TASK TO CARRY OUT: The records below are to be repeated exactly, and their pictures left out.
----- RECORD SET -----
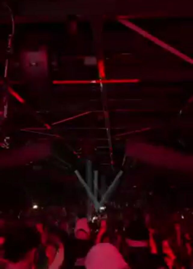 interior of a nightclub or large event space packed with people. Above the crowd is a complex ceiling structure featuring angular, glowing white panels, alternating with dark spaces. Red lighting strips and spotlights are also visible. The camera appears to be held by someone in the crowd, filming upward. The crowd appears to be moving and energetic, likely dancing to music. The overall atmosphere is dark and energetic.
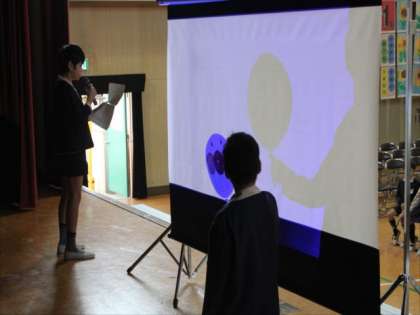 今朝の児童集会は、影絵当てクイズでした。シルエットを見て3択で当てます。「ボール」、「月」「アンパンマン」のうちどれでしょう。みたいな感じです。集会委員会の児童と反対側からは、シルエットしかわからないので。「答えはアンパンマンです」と発表があると、当たった児童は大喜びでした。
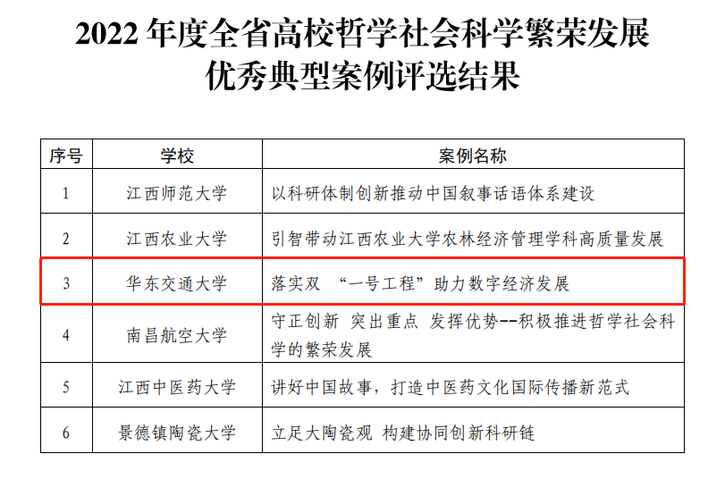 近日,江西省教育厅公布了2022年度全省高校哲学社会科学繁荣发展优秀典型案例,开元经管学院欧阳志刚、周才云教授撰写的《落实双“一号工程”助力数字经济发展》案例成功入选(全省共6项)。
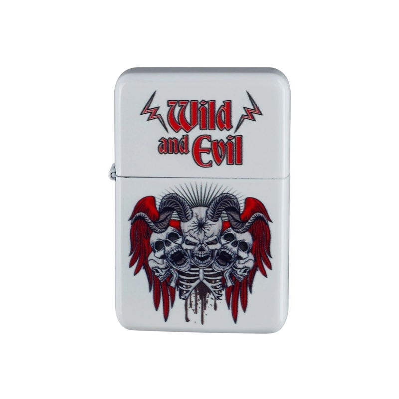 Benzinfeuerzeug aus Metall in weißer Farbe mit den Aufschriften Wild and Evil und Totenköpfen mit Hörnern und Flügeln. Um dieses Benzinfeuerzeug zu verwenden, benötigen Sie Zipperbenzin.
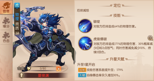 夏侯惇作为阵容的核心输出,其横排攻击附带眩晕效果,对生命值高于50%的敌人能造成额外伤害,是压制敌方血线的关键。典韦则承担主力爆发角色,高暴击属性使其能无视防御打出巨额伤害,但需注意其命中率问题。张辽的减怒效果能有效干扰敌方技能释放,尤其在前排站位时表现突出。夏侯渊则针对后排进行压制,通过减怒和补刀巩固优势。这四名武将的合击技能能进一步提升团队的控制与输出能力。
-----
TASK RESPONSE:
 interior of a nightclub or large event space packed with people. Above the crowd is a complex ceiling structure featuring angular, glowing white panels, alternating with dark spaces. Red lighting strips and spotlights are also visible. The camera appears to be held by someone in the crowd, filming upward. The crowd appears to be moving and energetic, likely dancing to music. The overall atmosphere is dark and energetic.
 今朝の児童集会は、影絵当てクイズでした。シルエットを見て3択で当てます。「ボール」、「月」「アンパンマン」のうちどれでしょう。みたいな感じです。集会委員会の児童と反対側からは、シルエットしかわからないので。「答えはアンパンマンです」と発表があると、当たった児童は大喜びでした。
 近日,江西省教育厅公布了2022年度全省高校哲学社会科学繁荣发展优秀典型案例,开元经管学院欧阳志刚、周才云教授撰写的《落实双“一号工程”助力数字经济发展》案例成功入选(全省共6项)。
 Benzinfeuerzeug aus Metall in weißer Farbe mit den Aufschriften Wild and Evil und Totenköpfen mit Hörnern und Flügeln. Um dieses Benzinfeuerzeug zu verwenden, benötigen Sie Zipperbenzin.
 夏侯惇作为阵容的核心输出,其横排攻击附带眩晕效果,对生命值高于50%的敌人能造成额外伤害,是压制敌方血线的关键。典韦则承担主力爆发角色,高暴击属性使其能无视防御打出巨额伤害,但需注意其命中率问题。张辽的减怒效果能有效干扰敌方技能释放,尤其在前排站位时表现突出。夏侯渊则针对后排进行压制,通过减怒和补刀巩固优势。这四名武将的合击技能能进一步提升团队的控制与输出能力。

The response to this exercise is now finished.